● Problem to work on
Please write out the entire listing below exactly, excluding its pictures.

● Records for this task

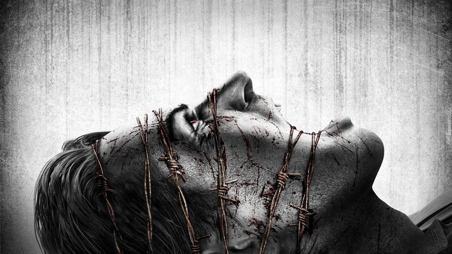 Edytor tapety: Mężczyzna, Twarz, Drut, Kolczasty, Blizny
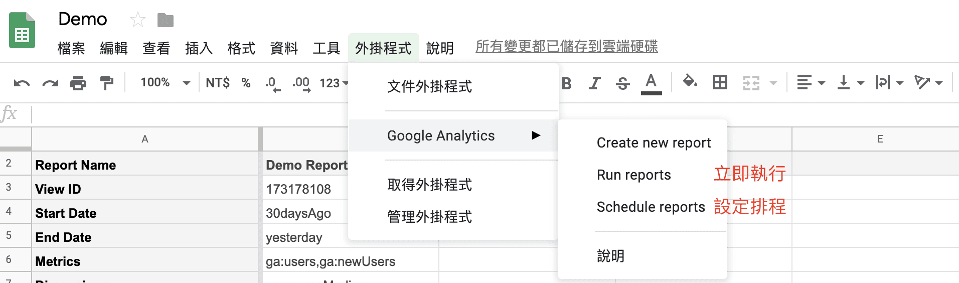 Google 試算表(Sheet) 有個好用的小工具,可以設定排程取得 Google Analytics 的數據,對習慣使用試算表的人是一大福音。
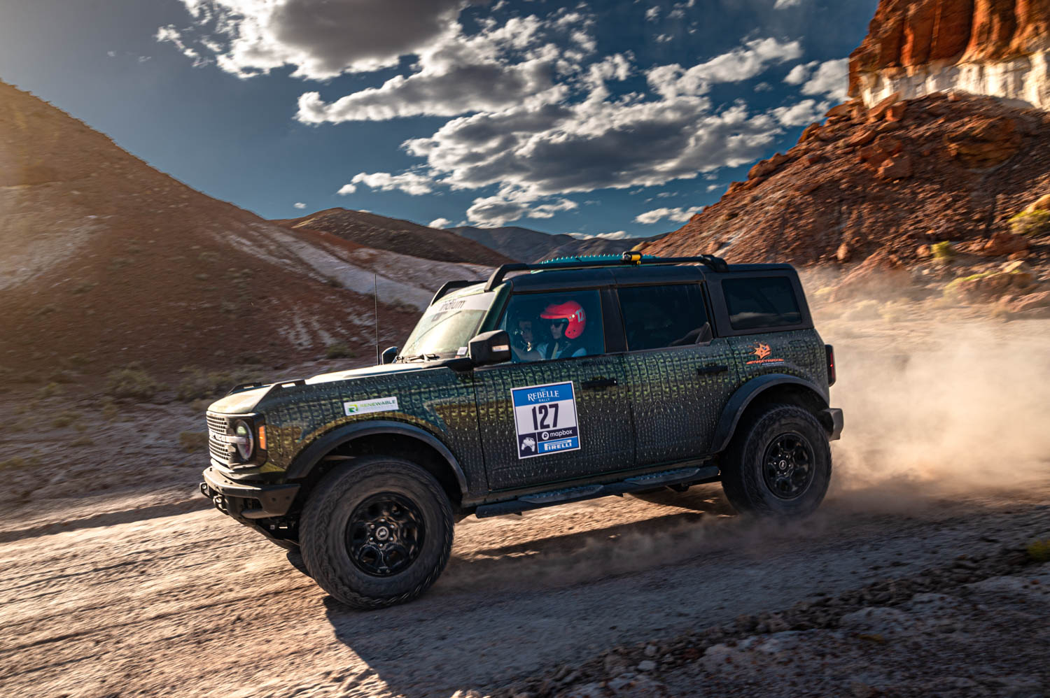 Team 158, driving a 2018 Rubicon Jeep Wrangler JLU, crossed the finish line and showed off what they thought to be a weather balloon they found on the trail during Monday evening's Live Show and mentioned that they saw everything from rainbows to hail while making their way to Base Camp 2. Team 187, one of the three Rivian factory teams, with Rivian employees Lily Marcaruso and Alex Anderson behind the wheel, got a flat on Stage 3 and changed their tire in four minutes, according to Macaruso.
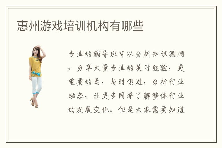 惠州游戲培訓機構有哪些
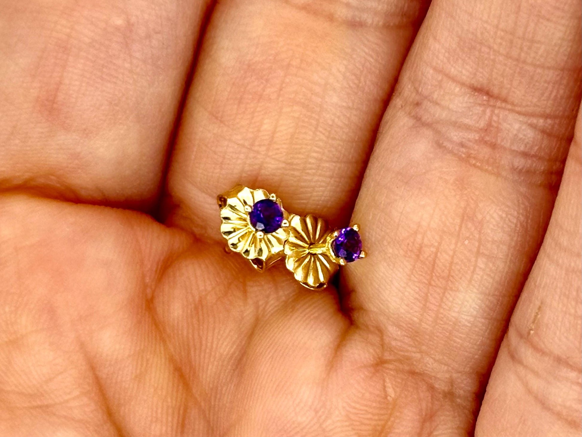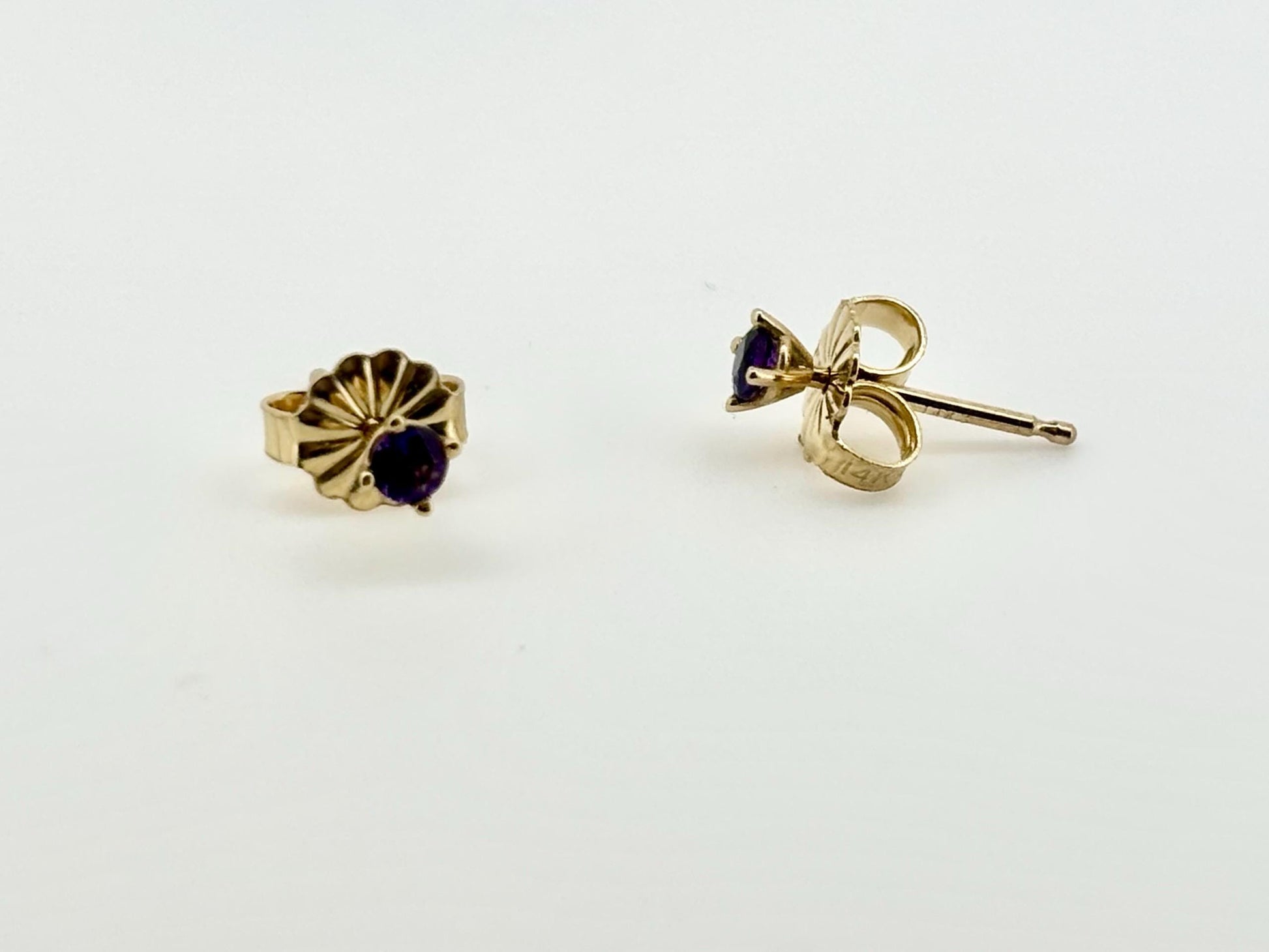 These petite 2.5mm round amethyst studs are set in 14k solid yellow gold and secured with classic clutch backs. Their size makes them ideal for second piercings, minimal looks, or thoughtful everyday wear.
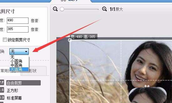 4、接着点击左侧的“圆角”下拉菜单,在弹出菜单中选择“大圆角”菜单项。

● Solution for this exercise
 Edytor tapety: Mężczyzna, Twarz, Drut, Kolczasty, Blizny
 Google 試算表(Sheet) 有個好用的小工具,可以設定排程取得 Google Analytics 的數據,對習慣使用試算表的人是一大福音。
 Team 158, driving a 2018 Rubicon Jeep Wrangler JLU, crossed the finish line and showed off what they thought to be a weather balloon they found on the trail during Monday evening's Live Show and mentioned that they saw everything from rainbows to hail while making their way to Base Camp 2. Team 187, one of the three Rivian factory teams, with Rivian employees Lily Marcaruso and Alex Anderson behind the wheel, got a flat on Stage 3 and changed their tire in four minutes, according to Macaruso.
 惠州游戲培訓機構有哪些
 These petite 2.5mm round amethyst studs are set in 14k solid yellow gold and secured with classic clutch backs. Their size makes them ideal for second piercings, minimal looks, or thoughtful everyday wear.
 4、接着点击左侧的“圆角”下拉菜单,在弹出菜单中选择“大圆角”菜单项。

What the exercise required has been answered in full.